今回のリスト作成をこのような考え方で進めることとした背景には、平成 17 年に公表さ
れた要注意外来生物への様々な指摘がある。要注意外来生物は、外来生物法の規制の対象
とはならないものの、生態系に悪影響を及ぼしうる外来種を選定したものであり、生態系
に係る被害の指摘はあるものの法的な規制による社会的な弊害が懸念されるもの、被害に
係る科学的知見が不足しているもの、また、緑化植物など総合的な対策の検討が必要とさ
れるものなど 148 種類が挙げられている。要注意外来生物については、その選定の基準や
評価の過程が明確でなく十分な議論を経ずに選定されたものであるといった指摘や、外来
生物法の規制の対象でないとしながらも、とるべき対策の方向性等が示されず、
「使っては
いけない外来種」として誤った認識が広まってしまったといった指摘があった。
今回の侵略的外来種リスト(仮称)の作成により、要注意外来生物は発展的に解消する
こととしている。要注意外来生物に対する指摘も踏まえ、選定の基準や評価項目を整理す
るとともに、上述のとおり対策の方向性や定着段階等を示すことで、リストを活用する者
が問題点を理解でき、適切な対策が進むことを目指して検討を進めている。
なお、外来生物法の対象となっておらず、要注意外来生物においても選定対象とされて
いなかった国内由来の外来種についても、今回のリストでは掲載する予定である。
5.今後の外来種対策に向けて
来年で外来生物法が施行されて 10 年となる。
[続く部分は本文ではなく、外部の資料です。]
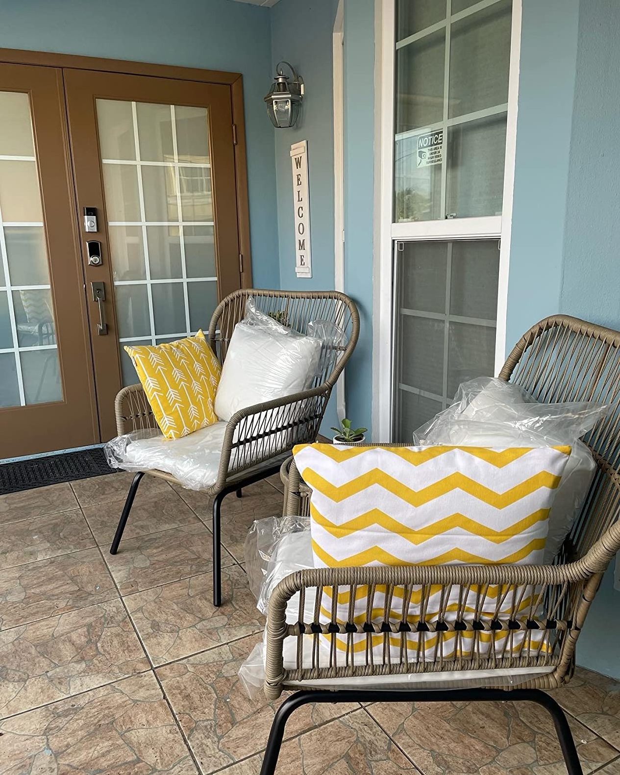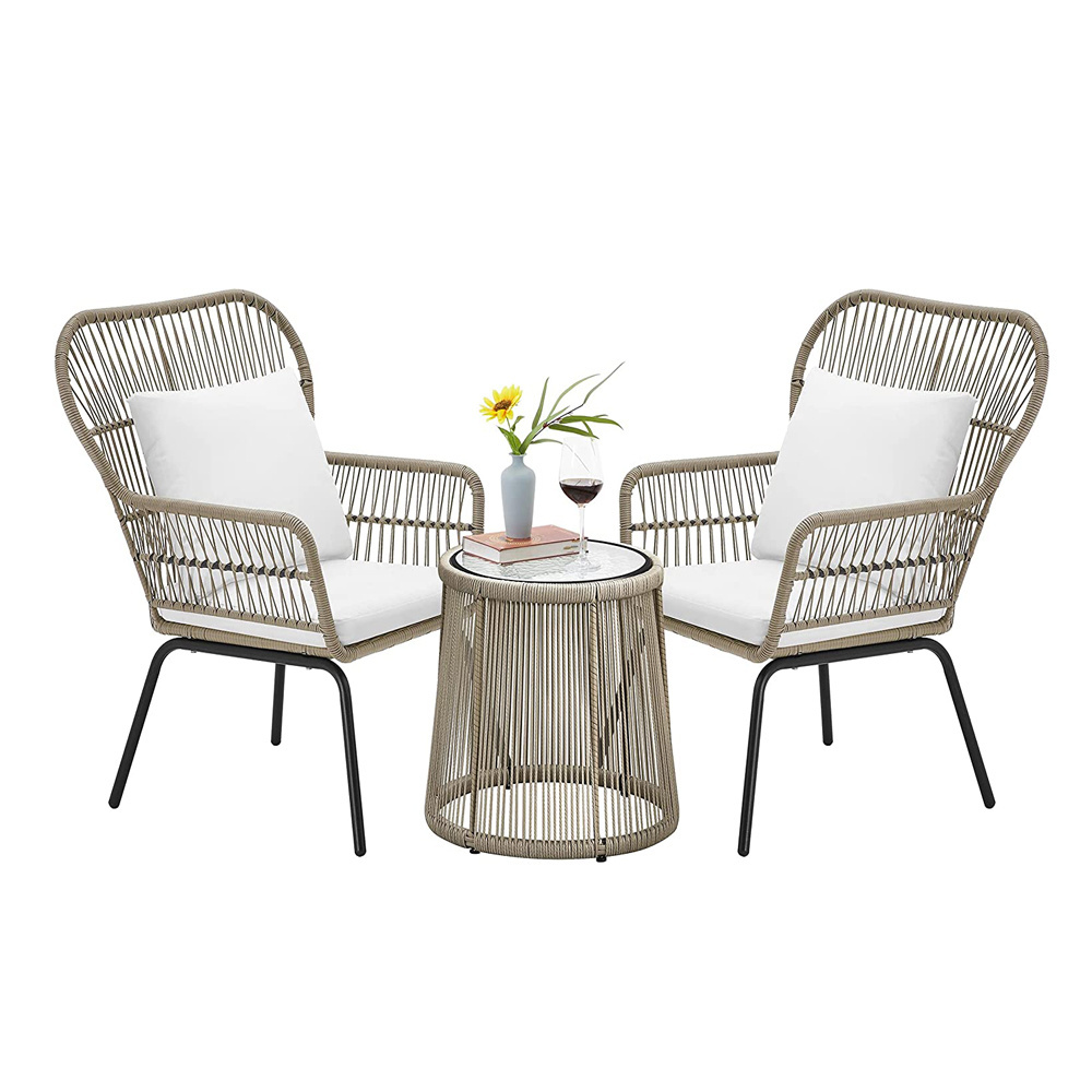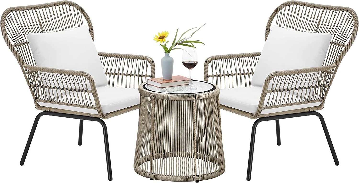 This wicker bistro set features two crafted hand-woven rattan chairs, which are not only sturdy enough but also provide a versatile appearance. PE rattan gives a chic appearance while enhancing the texture comfort of natural rattan with its high durability and all-weather resistance.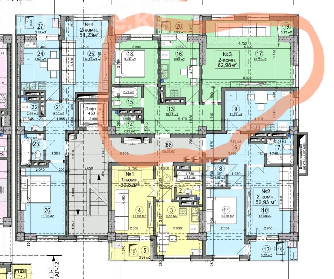 Продаётся 2х комнатная квартира от застройщика «Альфа Строй» Этаж: 9 из 10 Площадь: 63 м² Количество комнат: 2 матертал кирпич Документы: ДДУ, Красная книга Состояние: ПСО конец 2025г Отопление: Газовое ID: 72475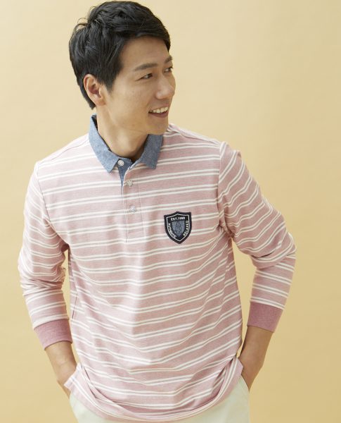 大人ラガーシャツは衿部分にデニム調生地で抜け感を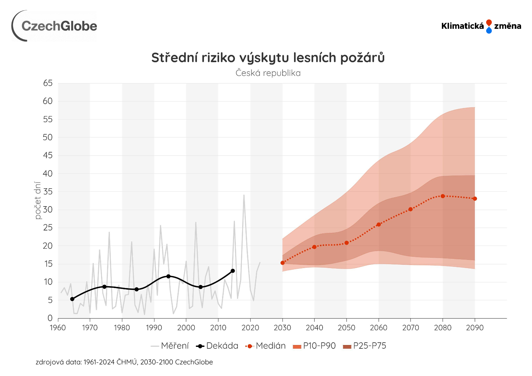 Graf zobrazuje průměrný počet dní za rok s výskytem kategorie 3 (= střední riziko).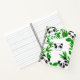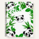 Hojas verdes exuberantes esparcidas alrededor de los pandas, creando una escena natural y animada. El bambú da la sensación de un hábitat forestal para los pandas, añadiendo un toque terroso, enfatizando la naturaleza juguetona de los pandas rodeados de su entorno natural. El uso de verde vibrante y blanco le da una estética fresca, limpia y divertida.

特定外来生物の指定や防除の実施、法改正
など、外来生物法の枠組みの中での対策は一定の進展があったといえる。しかし、外来種
には、私たちの社会に欠かせない役割を持っているものもあり、外来種問題への対処は法
律による規制のみならず、広範な視点で検討される必要がある。今回の行動計画とリスト
の作成にあたっては、このことが強く意識されている。
外来種問題の解決に向けては、国や地方公共団体などの行政機関だけでなく、外来種を
利用する事業者や国民等様々な主体の理解と協力が不可欠である。行動計画とリストでは、
特定外来生物のみならず、外来種全般に関する対策の基本的な考え方や各主体に求められ
る役割等を整理することとしている。外来生物法による厳しい規制によるだけでなく、様々
な主体が外来種のリスクを知り、それぞれの外来種との関わり方において適切な対応がな
されるよう、外来種に関する理解の促進を図っていきたい。